Sebbene si potesse scegliere tra tre personaggi all'apparenza molto diversi tra di loro, a livello di gameplay era indifferente scegliere l'uno o l'altro, il tutto si riduceva a un fattore puramente estetico: infatti i tre attaccavano nello stesso modo e le loro caratteristiche fisiche (velocità, danno, resistenza, salto..) erano assolutamente identiche; l'attacco speciale (che come da prassi consumava un pò di energia vitale) era reso graficamente in modo molto diverso, ma causava lo stesso quantitativo di danno agli alieni.

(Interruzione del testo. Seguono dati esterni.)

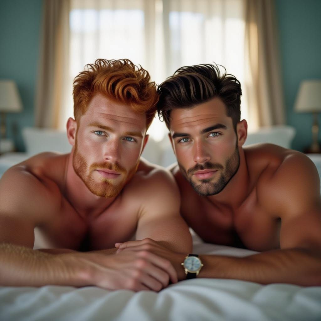 Generate your own unique images of hairy men, shirtless and barefoot, laying on a bed at night. It's free and easy!

Ciò può sembrare inconcepibile ad un giocatore moderno abituato a decine di caratteristiche diverse e personaggi precisamente caratterizzati e differenti in ogni loro caratteristica; se pensiamo a un grande classico dello stesso anno di pubblicazione (1991) come Street of Rage viene naturale pensare che la scelta del personaggio si rifletta in un diverso approccio ai nemici, più improntato alla potenza, alla agilità o alla resistenza, come si vede nell'immagine qui sotto:
La maggiore complessità dei picchiaduro a scorrimento orizzontale nacque proprio in quel periodo, e solo in un paio d'anni questo tipo di prodotto cambiò radicalmente, facendosi via via sempre più complesso, vario e piacevole da giocare.

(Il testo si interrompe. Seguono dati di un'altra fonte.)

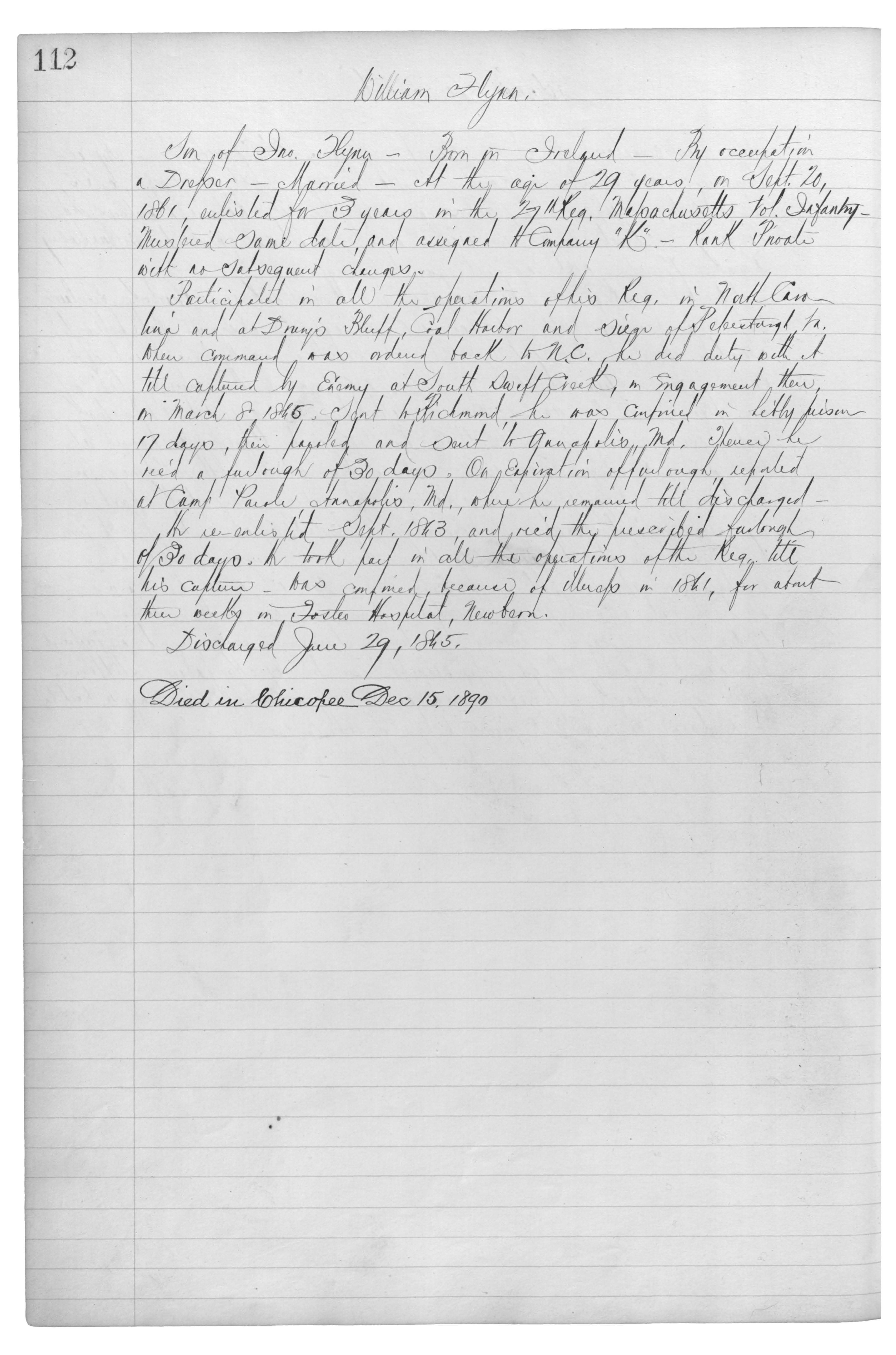 Son of Ira Flynn___Born in Ireland___By occupation a dresser___Married___At the age of 29 years, on Sept. 20, 1861, enlisted for 3 years in the 27th Reg. Massachusetts Vol. Infantry. Mustered same date, and assigned to Comapny "K".__Rank Private with no subsequent changes.

Se pensiamo ad esempio al capolavoro da sala giochi Cadillac & Dinosaurs, pubblicato dalla SEGA nel 1993, o allo spettacolare Streets of Rage 3, notiamo subito che dei vecchi beat 'em up è rimasta solo l'ossatura, sulla quale sono stati costruiti giochi completamente diversi: aumentano le mosse a disposizione dei giocatori, i personaggi sono sempre più differenziati, l'interazione con l'ambiente circostante raggiunge livelli mai visti, e anche la struttura stessa dei livelli è molto più articolata.
Due/tre anni quindi bastano a trasformare radicalmente un genere, ma il caso di Alien Storm è diverso, perchè il gioco di cui sto parlando appartiene ancora alla "vecchia scuola", allo step evolutivo precedente, il cui più grande rappresentante è Golden Axe, fortunatissima serie di giochi picchiaduro ad ambientazione fantasy iniziata nel 1989 nelle sale giochi.

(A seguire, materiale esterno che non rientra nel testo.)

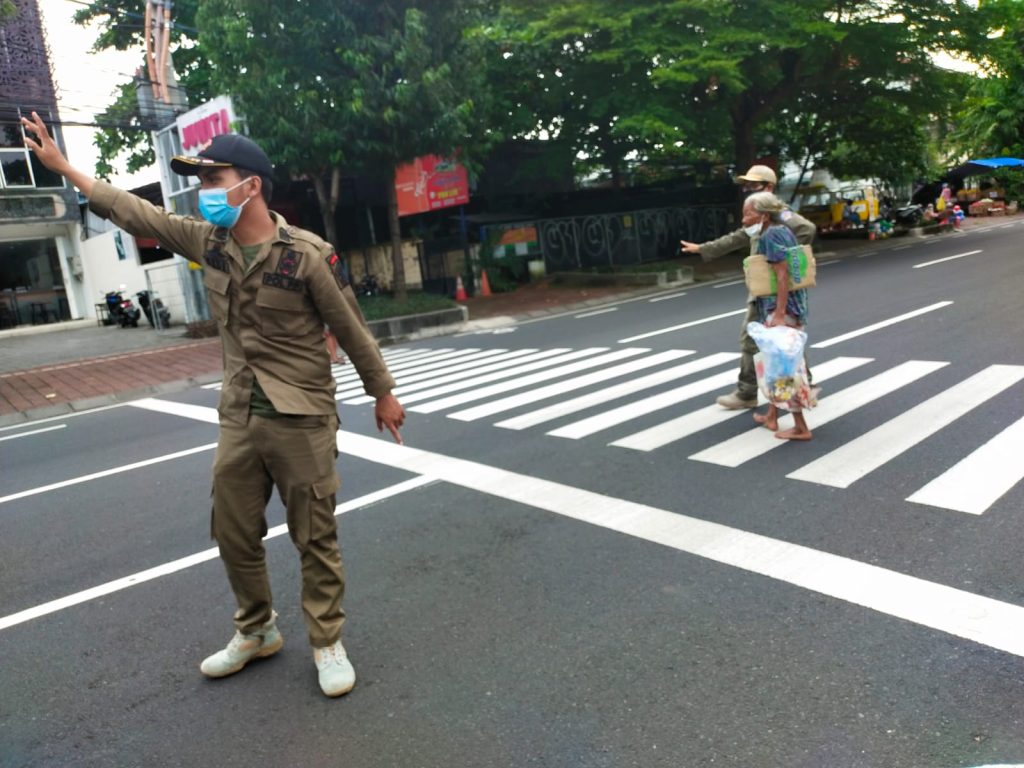 Satuan Polisi Pamong Praja Provinsi Bali konsisten laksanakan giat dalam rangka penegakan protokol kesehatan dalam upaya mengendalikan penyebaran Covid-19 di ruang usaha maupun maupun ruang-ruang publik yang memungkinkan adanya kerumunan. Selain giat gabungan bersama Polda Bali juga dilaksanakan giat secara mandiri. Giat dilaksankan pagi,siang dan malam hari.Tujuannya untuk memastikan warga dalam beraktifitas tetap mematuhi protokol kesehatan. Giat dilaksanakan secara humanis dengan cara mengingatkan, menghimbau warga masyarakat mematuhti protokol kesehatan dan bagi pelaku usaha agar selalu melengkapi sarana protokol kesehatan. Denpasar, 23 Pebruari 2022.

Le similitudini tra Alien Storm e Golden Axe sono evidenti: abbiamo solo tre personaggi tra cui scegliere - un uomo, una donna e "un'altra cosa", sia esso un nano o un robot -, dalle caratteristiche identiche che non cambiano nulla a livello di gameplay; ovviamente le armi e i poteri speciali sono diversi, ma hanno il medesimo effetto sui nemici; le ambientazioni sono disposte su un unico livello e non c'è praticamente alcuna interazione possibile, se non la sporadica raccolta di qualche power-up.
Perchè quindi parlare di Alien Storm, se si tratta come sembra un semplice clone di un gioco di successo come Golden Axe? perche a suo modo, questo ammazza-ammazza-spara-spara di alieni orrendi e strambi è stato rivoluzionario.
Alien Storm infatti si differenzia dalla sconfinata mole di sparatutto a scorrimento orizzontale di inizio anni novanta per alcune scelte di gameplay molto rischiose ma che funzionavano in modo egregio, come l'introduzione di numerosi livelli di sparatutto in soggettiva, alcune sequenze "di corsa" (non so come altro dirlo, dopo spiego abbiate fede!), e un livello finale decisamente insolito.
La pensata di passare repentinamente da uno sparatutto a scorrimento a uno in soggettiva fu decisamente azzardata: poteva venire fuori una schifezza immane, invece questi brevi livelli erano una specie di intermezzo molto divertente, che spezzavano la monotonia di un gioco dall'incedere lento e decisamente ripetitivo
In sostanza, c'era semplicemente da sparare a ogni cosa che si muoveva a schermo, ed era davvero spassoso sfasciare interi negozi di elettronica e supermercati, fare un casino colossale facendo saltare barattoli ed esplodere schermi di grossi televisori, mentre alieni dai colori improbabili saltavano da tutte le parti e cadevano stecchiti sotto i colpi della nostra arma (uguale per tutti e tre i personaggi tranne per il colore).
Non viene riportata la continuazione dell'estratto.